Johann Philipp von Greifenclau zu Vollraths (also spelled Greiffenklau and Vollrads) (1652–1719) was the Prince-Bishop of Würzburg from 1699 to 1719.

Johann Philipp von Greifenclau zu Vollraths was born in Amorbach on 13 February 1652, the son of Georg Philipp Freiherr von Greiffenclau-Vollrads, Amtmann of the Archbishopric of Mainz, and his wife Rosina von Oberstein.

He became a canon (Domizellar) of Würzburg Cathedral in 1666.  In 1676, he received the minor orders and then became a subdeacon. He became a member of the cathedral chapter of Würzburg Cathedral, at which point he became the cathedral's cantor.
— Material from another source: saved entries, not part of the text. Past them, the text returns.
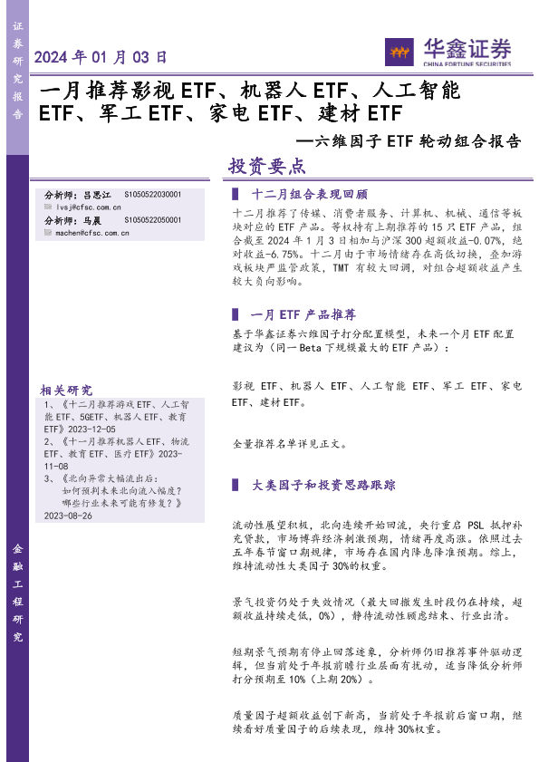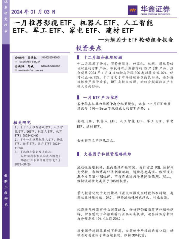 【华鑫证券】【20240103】六维因子ETF轮动组合报告:一月推荐影视ETF、机器人ETF、人工智能ETF、军工ETF、家电ETF、建材ETF-17页
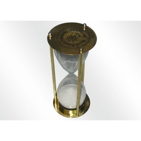Réplica bonita de uma ampulheta, feito de latão polido, areia branca duração i 5 minutos. Seu uso deve ser meramente decorativo.
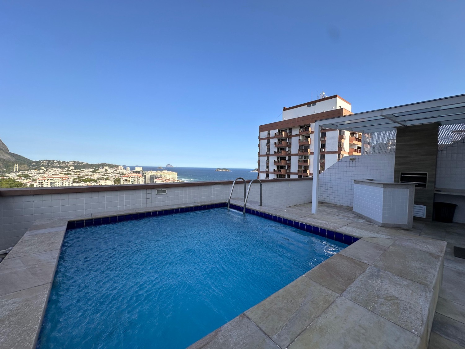 Segundo pavimento: saleta, suíte, amplo terraço com piscina, churrasqueira e com vista indevassável para o mar e para a Pedra da Gávea.
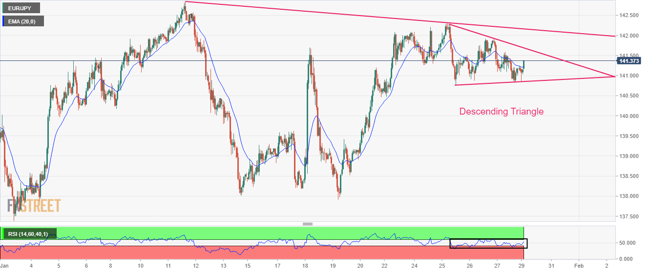 EUR/JPY is displaying rangebound action broadly in a Descending Triangle chart pattern on an hourly scale. The downward-sloping trendline of the above-mentioned chart pattern is plotted from January 25 high at 142.29 while the horizontal support is placed from January 25 low around 140.76. On a broader basis, the south side trendline from January 11 high at 142.61 will act as a major barricade for the Euro bulls.
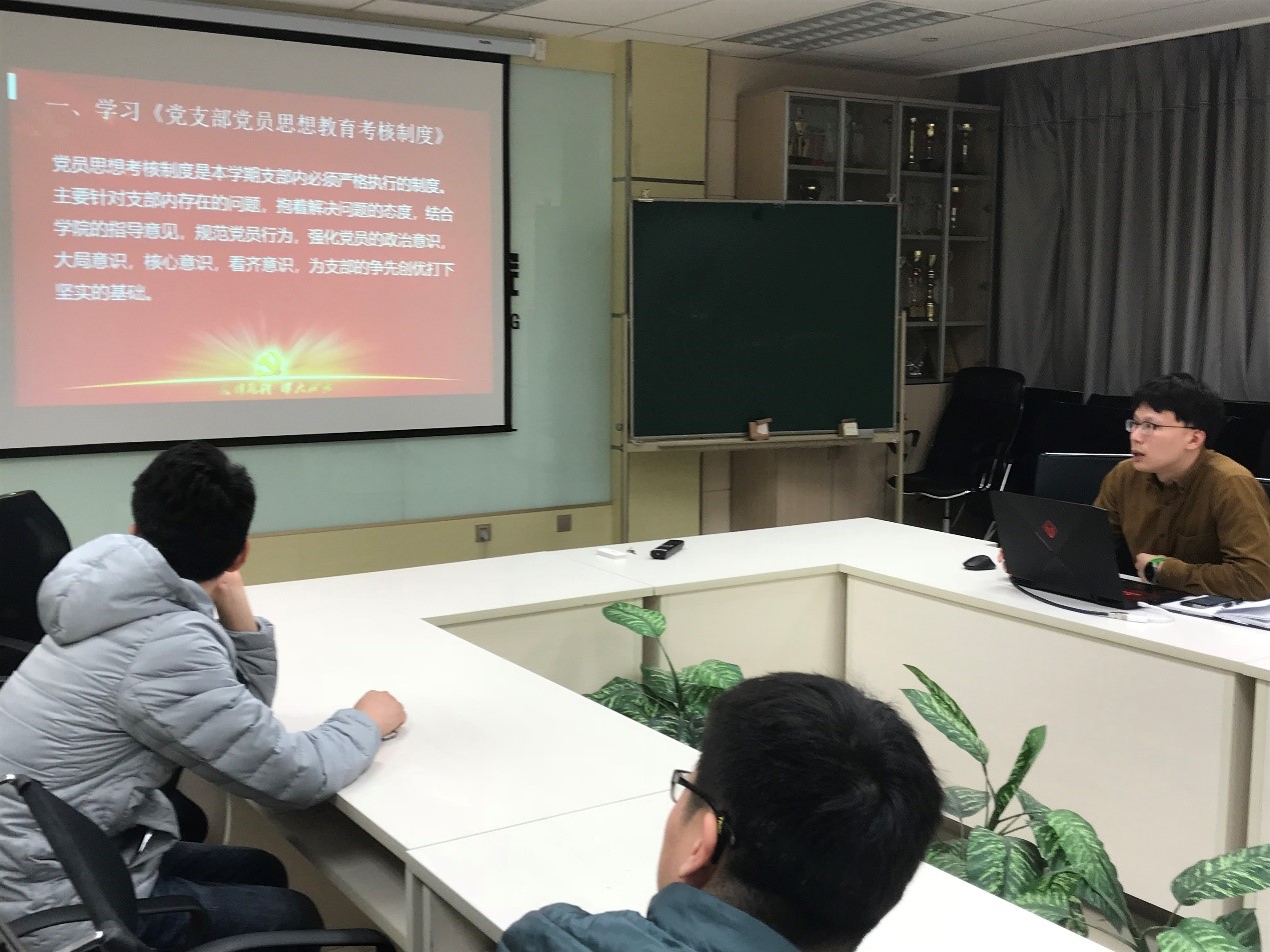 支部书记付子豪同志向支部全体党员介绍了关于本学期支部建设“制度月”的相关精神指示,结合支部特点提出了建立党员学习的考勤和考核制度。
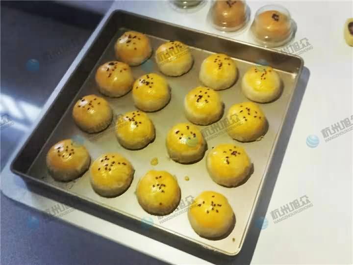 酥餅機生產(chǎn)線做的蛋黃酥效果!
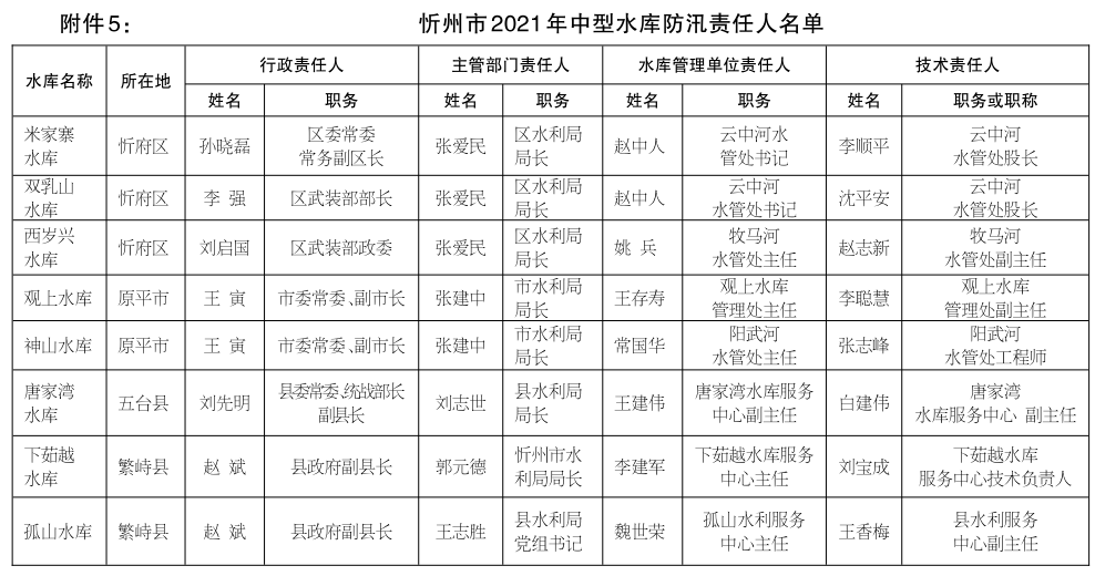 5.忻州市2021年中型水庫防汛責任人名單
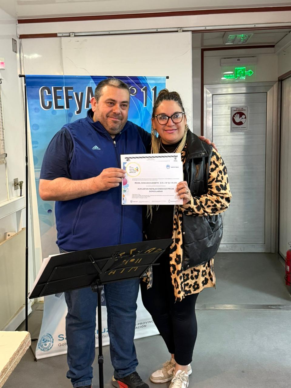Esta semana, en el Centro Educativo de Formación y Actualización Laboral (CEFyAP) N°11, se realizó la entrega de certificados a los egresados de la 24.ª y 25.ª promoción de Auxiliar en Instalaciones Eléctricas Domiciliarias, y de la 2.ª promoción de Diseño Digital y Publicidad en Redes Sociales, destacando el esfuerzo y la dedicación de los jóvenes durante su proceso formativo.
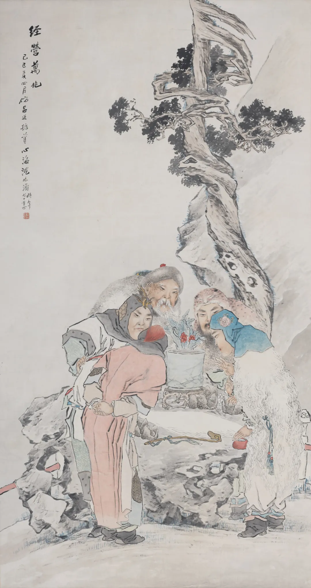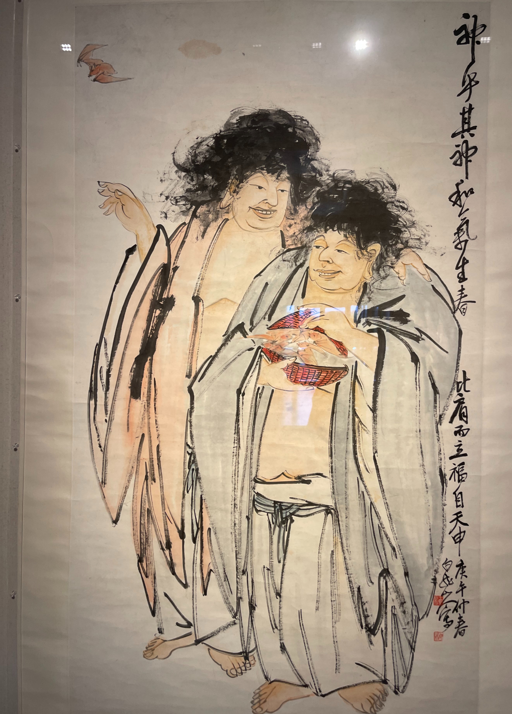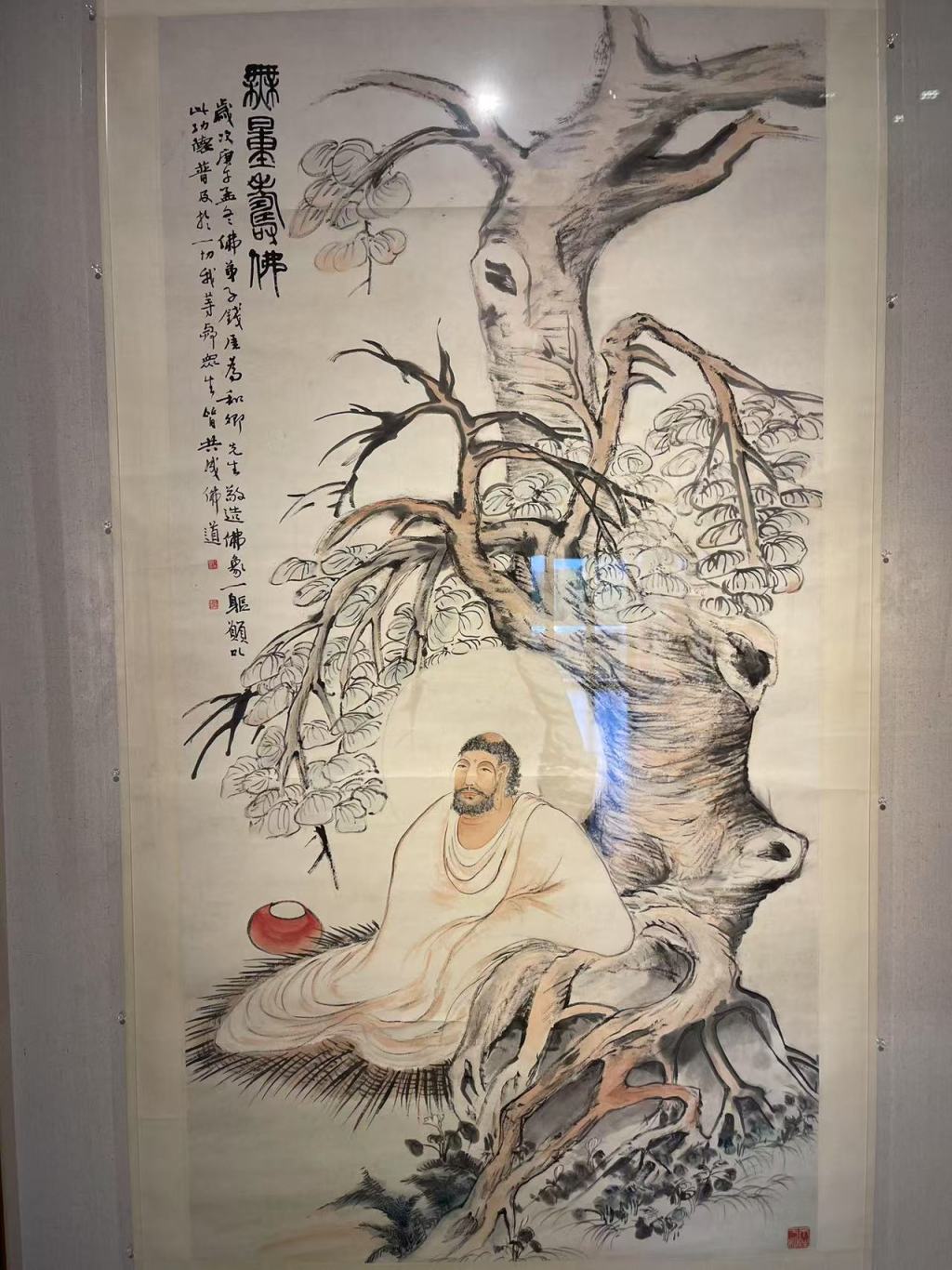 錢瘦鐵的《無量壽佛圖》用簡練線條勾勒出生動形象,搭配古樹與題跋,既有文人畫意趣,又有時代新風(fēng);江寒汀、唐云、張中原合作的 《花鳥 》有華新羅的遺韻,畫面清麗秀雅。
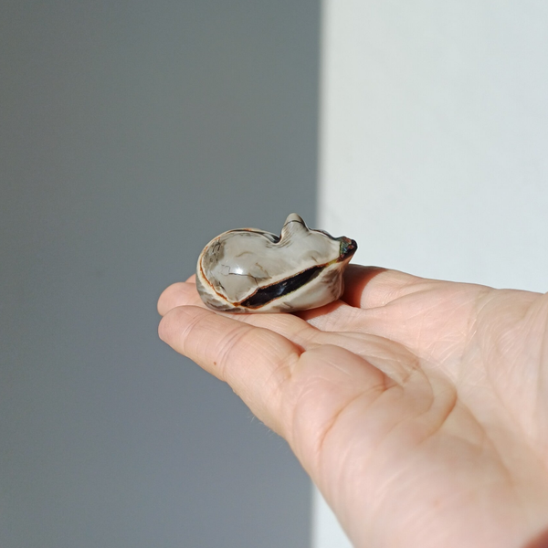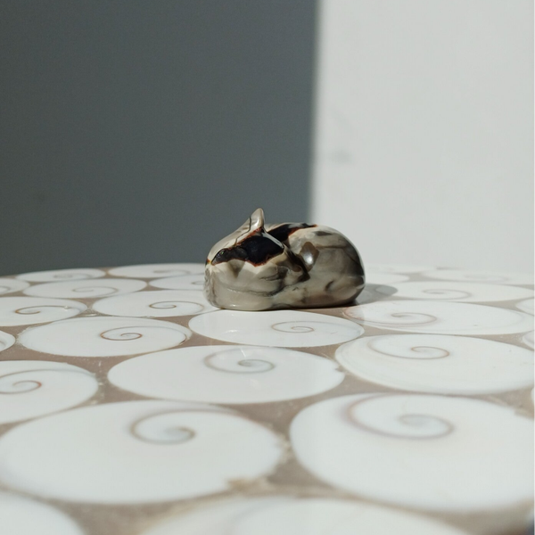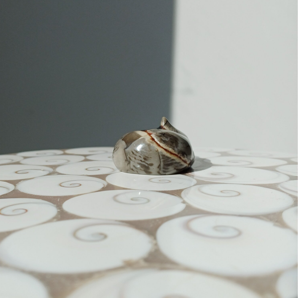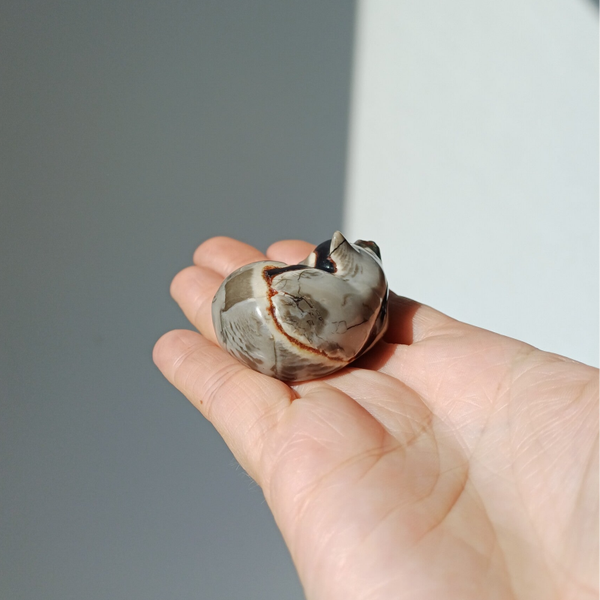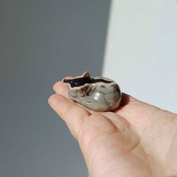 Vulkaan agaat carving (slapende kat) met uv-reactie
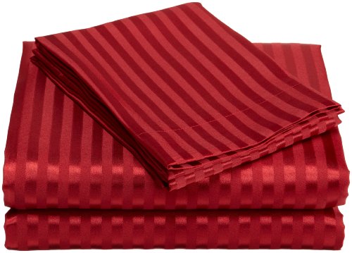 Divatex Home Fashions Royal Opulence Woven Satin Stripe Queen Sheet Set, Red Feature
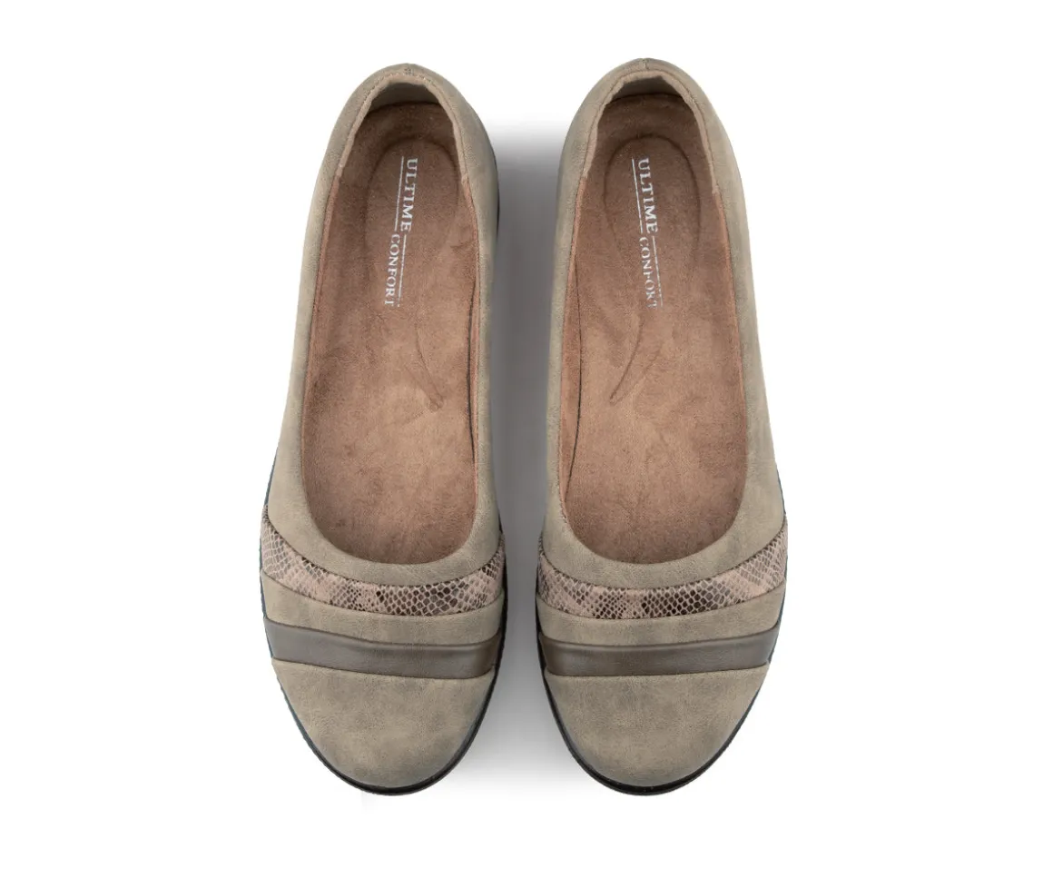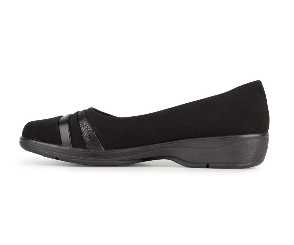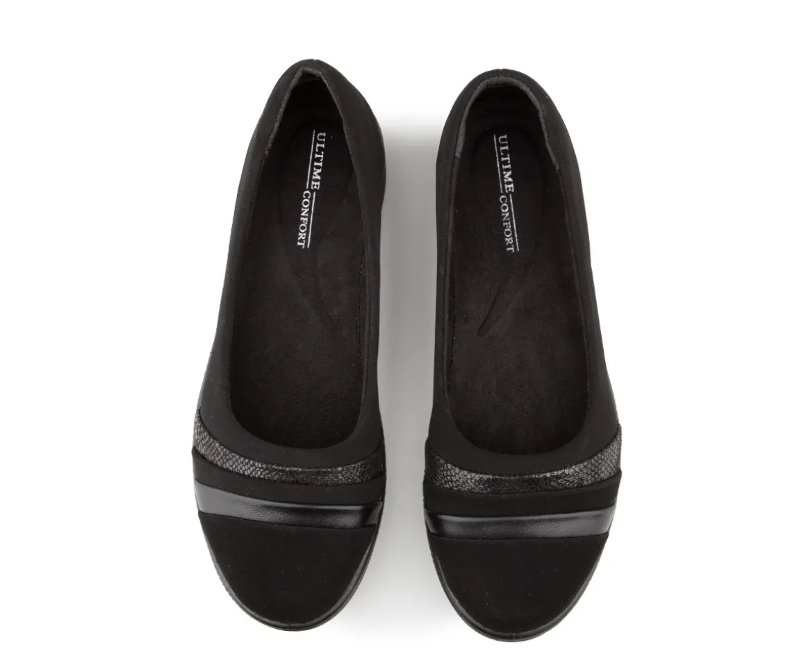 Cette ballerine Ultime Confort pour femmes combine le raffinement du nubuck PU à l’imprimé microfibre pour un style délicat et tendance. Sa doublure et sa semelle intérieure en microfibre offrent un confort respirant, tandis que la semelle amovible et extérieure en PU assurent un maintien flexible et durable.

He was ordained as a priest on 13 April 1687. He became dean of Mainz Cathedral in 1695.

On February 9, 1699, the cathedral chapter of Würzburg Cathedral elected him to be the Prince-Bishop of Würzburg, with Pope Innocent XII confirming his appointment on 1 June 1699. He was subsequently consecrated as a bishop by Stephan Weinberger, auxiliary bishop of Würzburg, on 5 July 1699.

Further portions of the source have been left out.